I am one myself, some days.



I've had days when the only food I ended up eating was a handful of raisinets, two cans of soda, and a few bites of a friend's stir-fry stuff he brought from home.



Then there are days when I eat like a Queen... kids' cereals, apple, sandwich, potato salad, jello, carrot sticks, candy, mixed nuts, all of it crammed into my bag and some of it tucked in the fridge once I get there.



Yes, I'm someone who watches cooking shows and reads cookbooks. I like food. I admire anyone who can cook a five-course meal in under two hours.

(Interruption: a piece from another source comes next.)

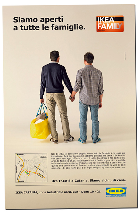 Ikea ya se ha manifestado en diversas ocasiones a favor de las uniones homosexuales en Italia, a pesar de que eso le puede restar clientela en un país profundamente conservador. Por ejemplo, durante la inauguración de una de sus tiendas en 2011 en Sicilia, utilizó como reclamo publicitario un cartel en el que se veía a dos hombres cogidos de la mano con la leyenda: « Estamos abiertos a todo tipo de familias ». El anuncio causó tal escándalo que hasta el entonces secretario de Estado para las Políticas de la Familia, Carlo Giovanardi, lo calificó de « grave y mal gusto ».

But I've strayed off-topic again.



I don't think my subconscious wants to think about the jar... it makes me queasy, and the antibiotics (new ones now, daily, I'm going to be on these for several months, apparently) are already doing that for me. I hurt. I'm tired. I'm grouchy.



It's Friday... I want a hot dog!



Oh... and Happy 4:20, everyone! No, I can't celebrate, not with the whole jar thing goin' on, gods know what sort of tests they'll put the stuff through. But have an extra hit for me, please... and remember what the American Government is doing to our precious greenery.